Part of the Lecture Notes in Computer Science book series (LNTCS,volume 10862)

Abstract

The paper presents results from benchmarking the parallel multithreaded Stockfish chess engine on selected multi- and many-core processors. It is shown how the strength of play for an n-thread version compares to 1-thread version on both Intel Xeon and latest Intel Xeon Phi x200 processors. Results such as the number of wins, losses and draws are presented and how these change for growing numbers of threads. Impact of using particular cores on Intel Xeon Phi is shown. Finally, strengths of play for the tested computing devices are compared.

Keywords

  • Parallel chess engine
  • Stockfish
  • Intel Xeon
  • Intel Xeon Phi

Partially supported by the Polish Ministry of Science and Higher Education, part of tests performed at Academic Computer Center, Gdansk, Poland, part of tests performed on hardware donated by Intel Technology Poland.

1 Introduction

For the past several years, growth in performance of computing devices has been possible mainly through increasing the number of cores, apart from other improvements such as cache organization and size, much less through increase in processor clock speed. This is especially visible in top HPC systems on the TOP500 list [14]. The top system is based on Sunway manycore processors, the second is a hybrid multicore Intel Xeon + Intel Xeon Phi coprocessor based system and the third a hybrid multicore Intel Xeon + NVIDIA P100 GPUs.

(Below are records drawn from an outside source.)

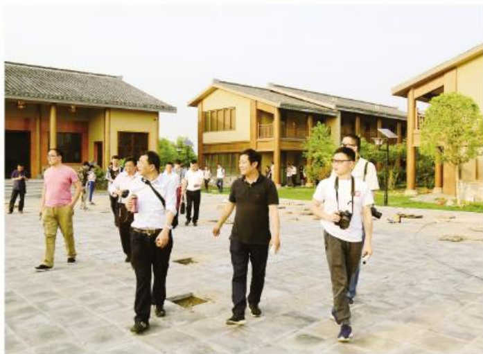
▲自媒体采风团在安徽荣鸿生态农业示范园参观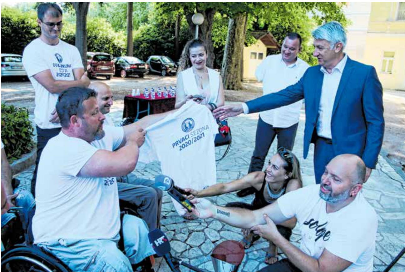
Primanje je održano u dvorištu Doma Zadarske županije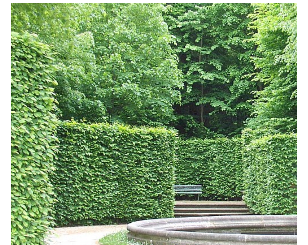
Boskett, mit Hecken gerahmter Platz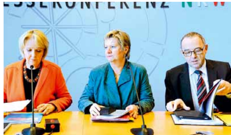
Ministerpräsidentin Hannelore Kraft (SPD), ihre „Vize“ Sylvia Löhrmann (Grüne) und Norbert Walter-Borjans (SPD) erklären vor der Landespresskonferenz, weshalb für die Beamten kein Geld mehr im Staatsäckel ist.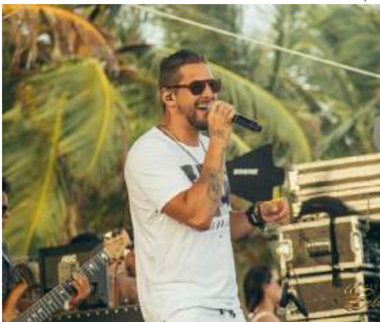
Show exclusivo da Banda Eva será, nesta quarta-feira (10), no Armazém XV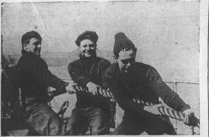
Les cargos chargés de matériaux et de vivres venus du Canada ne cessent d'arriver en Grande-Bretagne malgré les attaques des sous-marins. Sur cette photo, des matelots de la marine marchande canadienne tirent sur une amarre qui rapproche leur vaisseau du quai.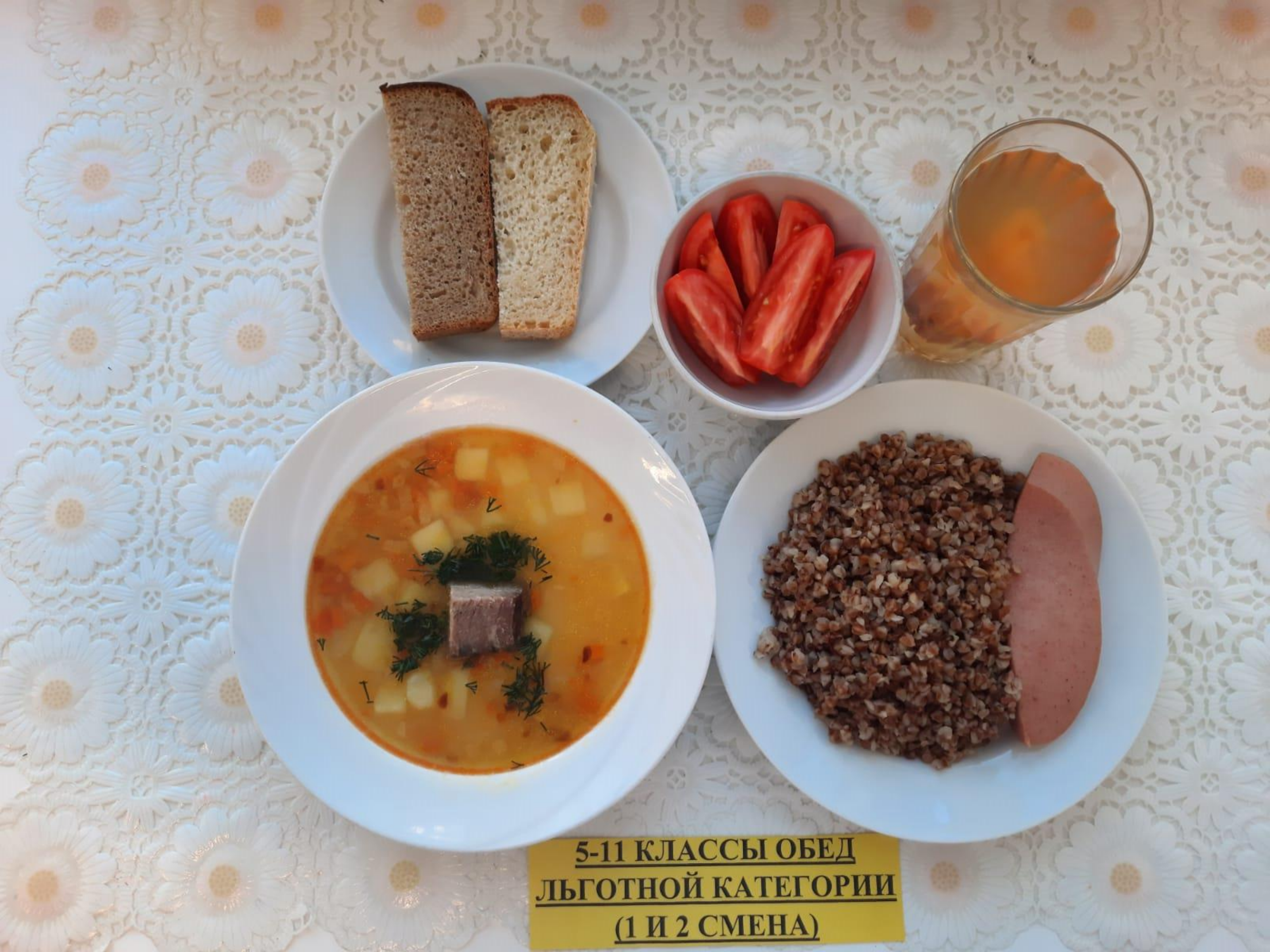
5-11 КЛАССЫ ОБЕД ЛЬГОТНОЙ КАТЕГОРИИ (1 И 2 СМЕНА)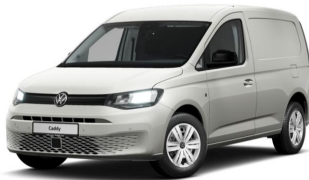
Comfort Udover basis udstyr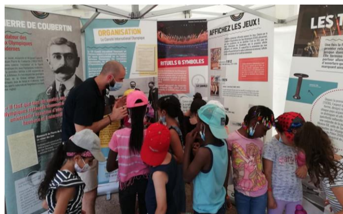
Journée Olympique et Paralympique – Colombes, Meudon et Montrouge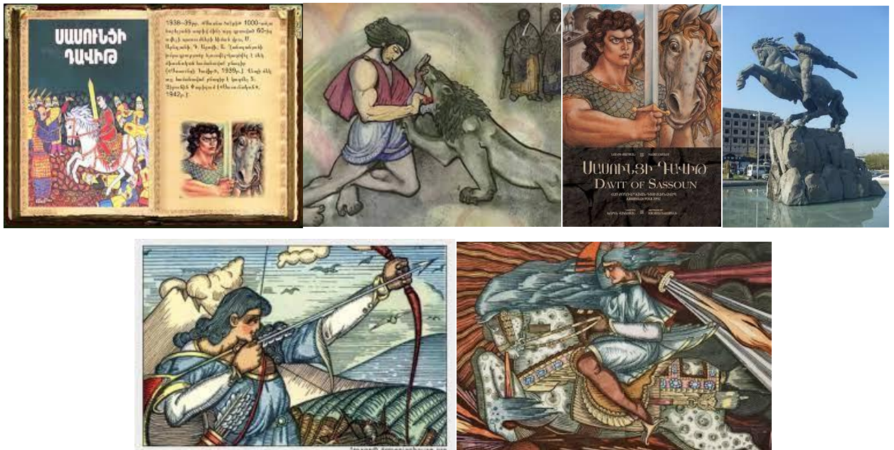
Պատկեր 1-ին. դիդակտիկ նյութերի օրինակներ

1. Դասապրոցեսին ապահովել դիդակտիկ նյութերով.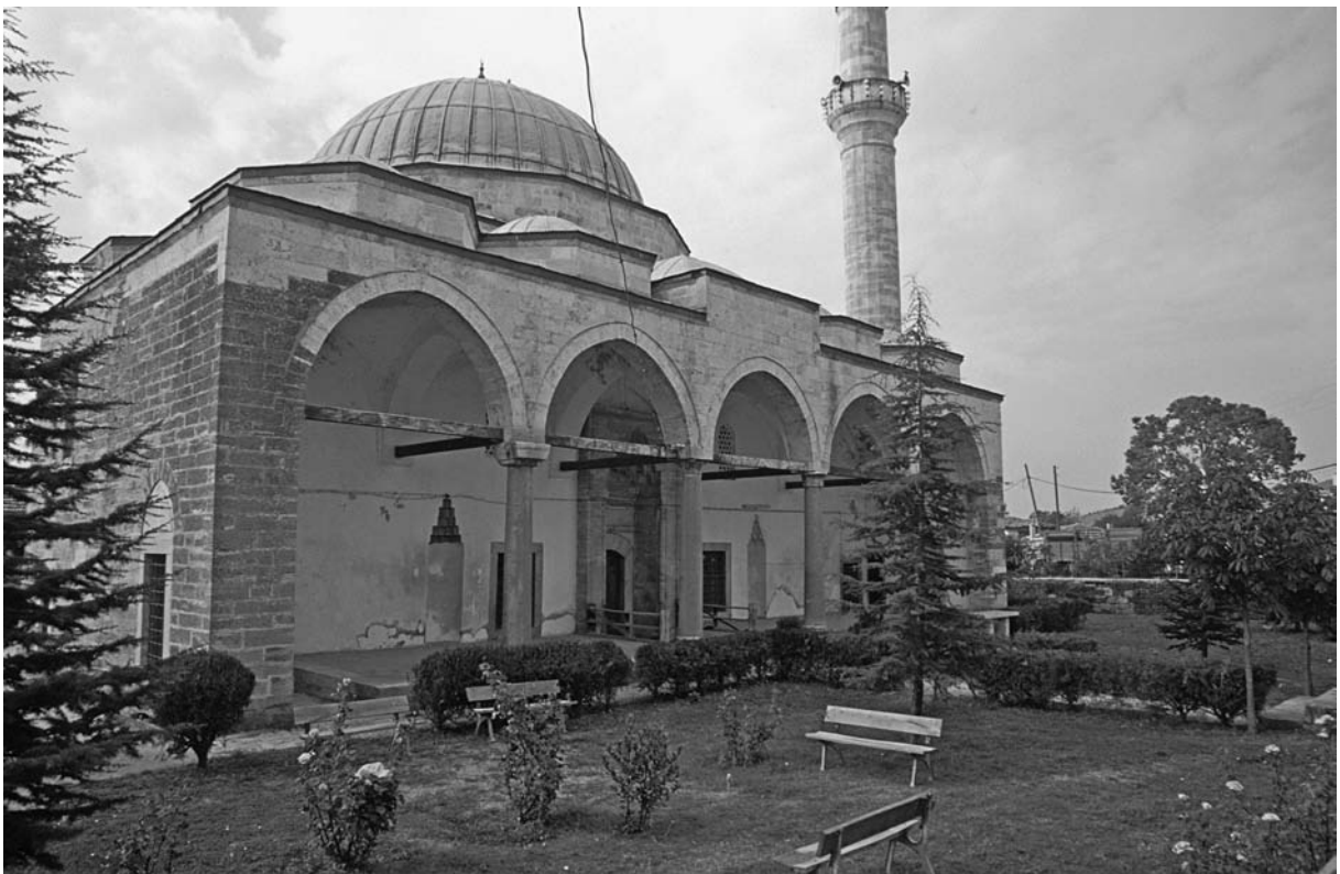
17 Chalkis (İneçik), Eski Camii von NW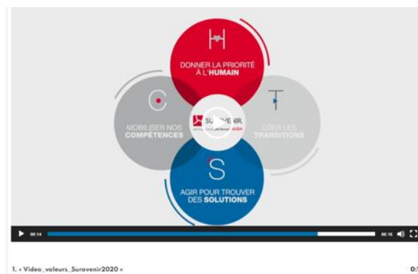
Figure 9 - Pertes d'informations hors css

Critère 10.3 Dans chaque page web, l'information reste-t-elle compréhensible lorsque les feuilles de styles sont désactivées ?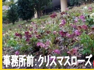
事務所前:クリスマスローズ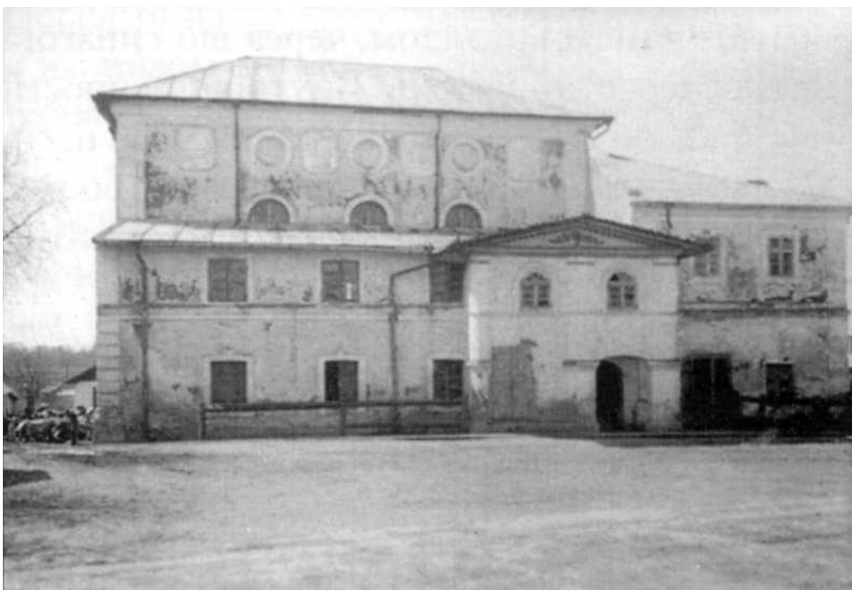
Червоноград (Христинопіль). Синагога мурована, 1920-і рр.

It is becoming very important to assess which computing devices perform best for particular classes of applications, especially when gains from increasing the number of threads are not obvious. We investigate performance of parallel chess game playing in the strong Stockfish engine [13], especially on the latest Intel Xeon Phi x200 processor which features upgraded internal mesh based architecture, MCDRAM memory and out of order execution. This is compared to both scalability and playing strength on server type Intel Xeon CPUs.

2 Related Work

Performance of chess players, both human and engines, that play against each other is typically assessed using the Elo rating system [6, 11]. Some approaches have been proposed such as the Markovian interpretation for assessment of play by various players from various eras to be able to compare strengths of play [1].

The typical algorithm for tree search in chess has been alpha-beta search. Several algorithms and approachesFootnote 1 regarding parallelization of chess playing have been proposed. In Young Brothers Wait Concept [7] the algorithm first searches the oldest brother in a search tree to obtain cutoff values and search other branches in parallel. In Lazy SMP many threads or processes search the same tree but with various depths and move orderings. It is used in many engines today such as Stockfish. Asynchronous Parallel Hierarchical Iterative Deepening (APHID) is an algorithm that is asynchronous and divides the search tree among the master (top level) which makes passes over its part of the tree and slaves which search deeper parts of the tree. Paper [3] presents speed-ups from 14.35 up to around 37.44 on 64 processors for various programs including Chinook, TheTurk, Crafty and Keyano. Monte-Carlo Tree Search, while successful for Go, suffers from issues such as difficulty to identify search traps in chess [2]. Despite optimizations, the testbed implementation could not match the strength of alpha-beta search. On the other hand, the very recent paper [12] presents AlphaZero – a program that defeated Stockfish using alpha-beta search. AlphaZero uses MCTS combined with incorporation of a non-linear function approximation based on a deep neural network. It searches fewer positions focusing on selected variations. In paper [16] the authors proposed a method called P-GPP that aimed at improving the Game Position Parallelization (GPP) that allows parallel analysis of game subtrees by various workers. P-GPP extends GPP with assignment of workers to nodes using realization probability. Implementation was tested using Stockfish for workers with communication between the master and workers using TCP sockets for up to 64 cores using two computers. The authors have demonstrated increased playing strength up to sixty workers at the win rate of 0.646.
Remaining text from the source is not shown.